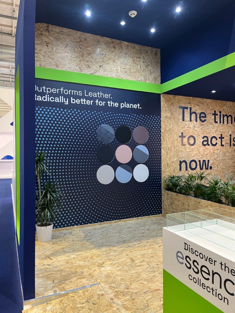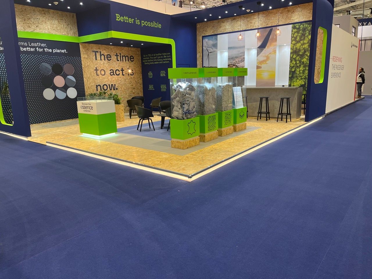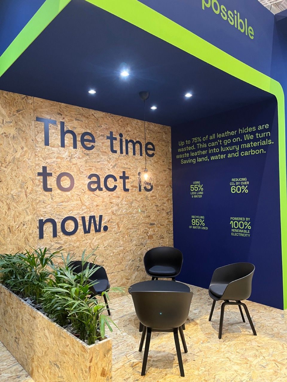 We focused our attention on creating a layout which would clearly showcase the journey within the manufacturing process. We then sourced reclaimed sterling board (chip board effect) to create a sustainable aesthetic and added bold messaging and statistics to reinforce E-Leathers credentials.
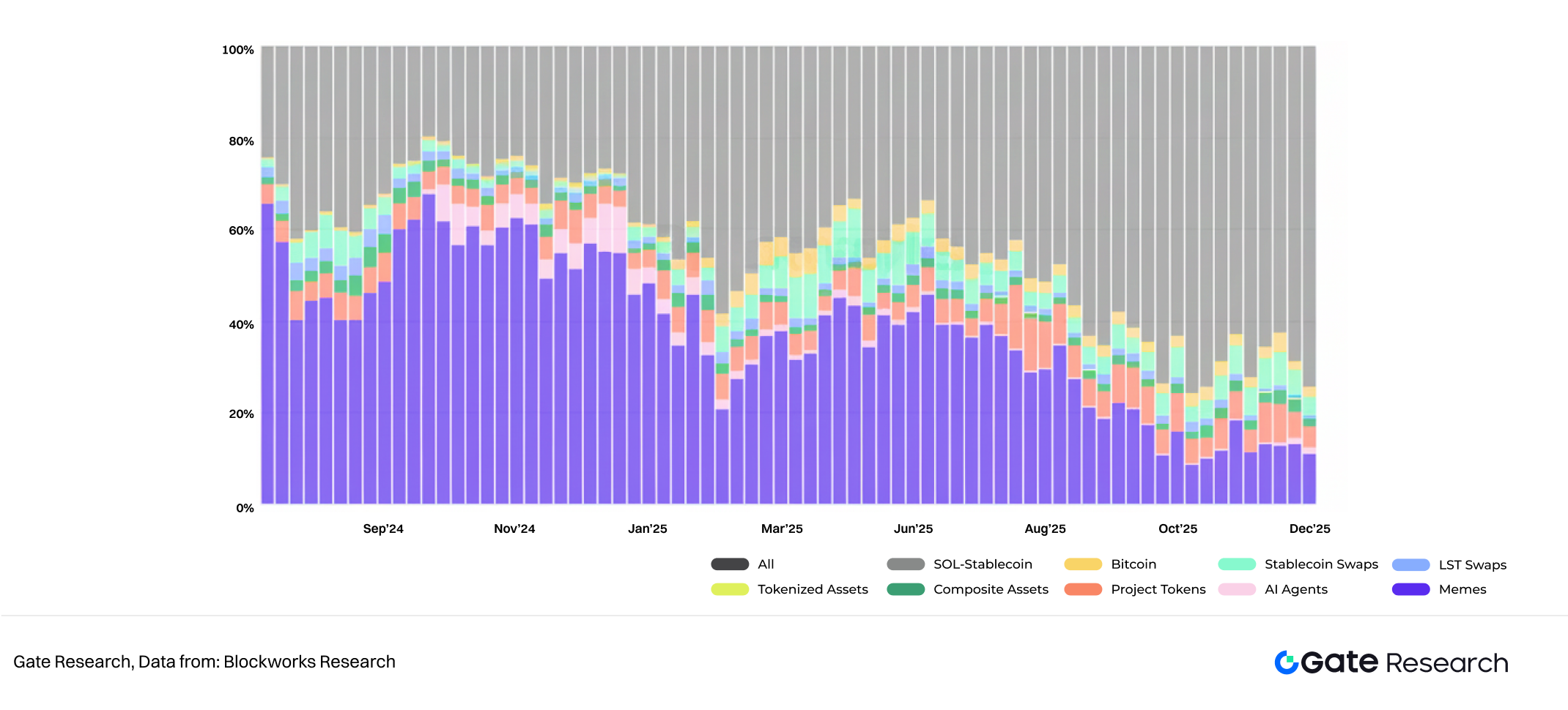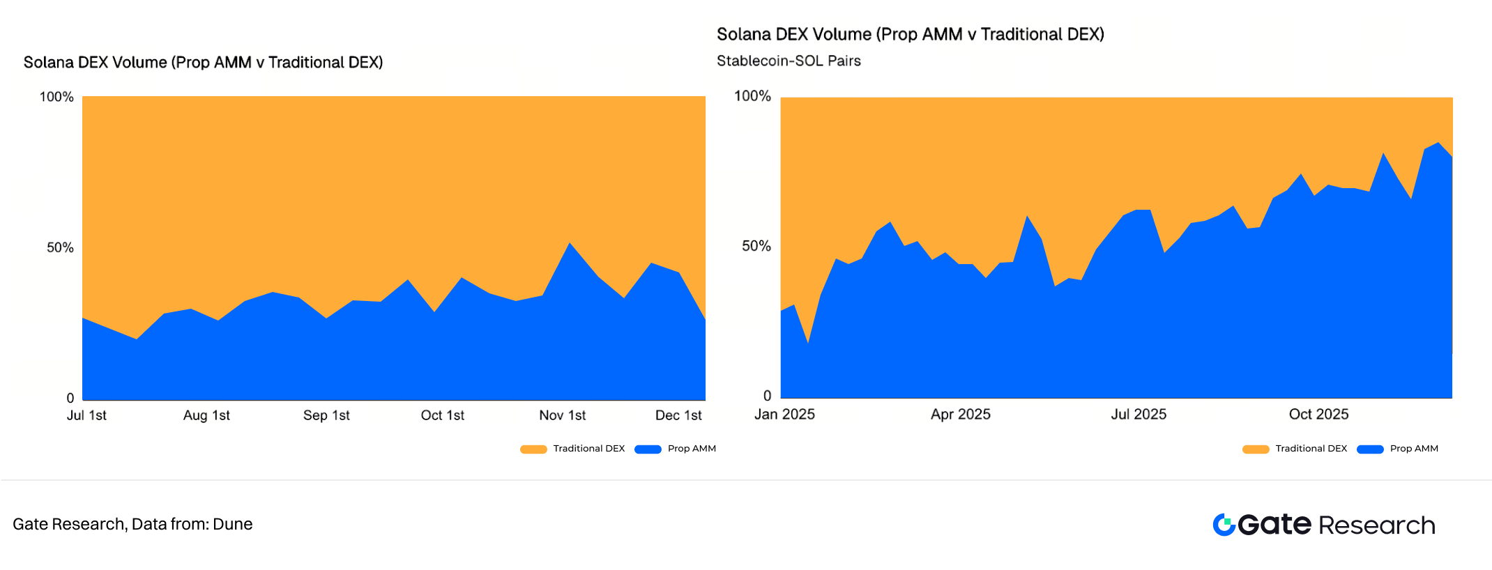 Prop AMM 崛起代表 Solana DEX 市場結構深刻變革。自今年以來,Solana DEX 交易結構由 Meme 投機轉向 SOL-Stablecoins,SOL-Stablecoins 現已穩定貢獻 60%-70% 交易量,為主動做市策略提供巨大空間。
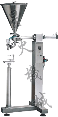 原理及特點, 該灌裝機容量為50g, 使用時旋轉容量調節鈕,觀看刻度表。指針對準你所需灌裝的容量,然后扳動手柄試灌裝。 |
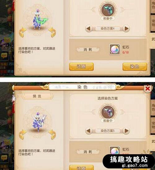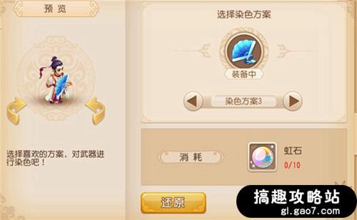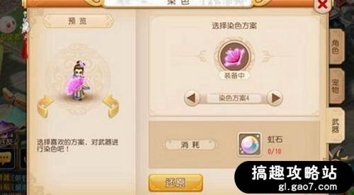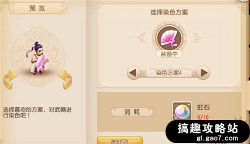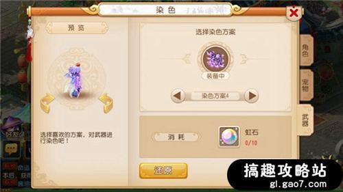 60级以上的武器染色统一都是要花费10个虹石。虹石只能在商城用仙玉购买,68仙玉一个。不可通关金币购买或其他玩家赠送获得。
● ● ● ●
THE TASK: The listing must be returned in full and exactly, apart from its pictures.

EXPECTED ANSWER:
 We focused our attention on creating a layout which would clearly showcase the journey within the manufacturing process. We then sourced reclaimed sterling board (chip board effect) to create a sustainable aesthetic and added bold messaging and statistics to reinforce E-Leathers credentials.
 Prop AMM 崛起代表 Solana DEX 市場結構深刻變革。自今年以來,Solana DEX 交易結構由 Meme 投機轉向 SOL-Stablecoins,SOL-Stablecoins 現已穩定貢獻 60%-70% 交易量,為主動做市策略提供巨大空間。
 原理及特點, 該灌裝機容量為50g, 使用時旋轉容量調節鈕,觀看刻度表。指針對準你所需灌裝的容量,然后扳動手柄試灌裝。 |
 60级以上的武器染色统一都是要花费10个虹石。虹石只能在商城用仙玉购买,68仙玉一个。不可通关金币购买或其他玩家赠送获得。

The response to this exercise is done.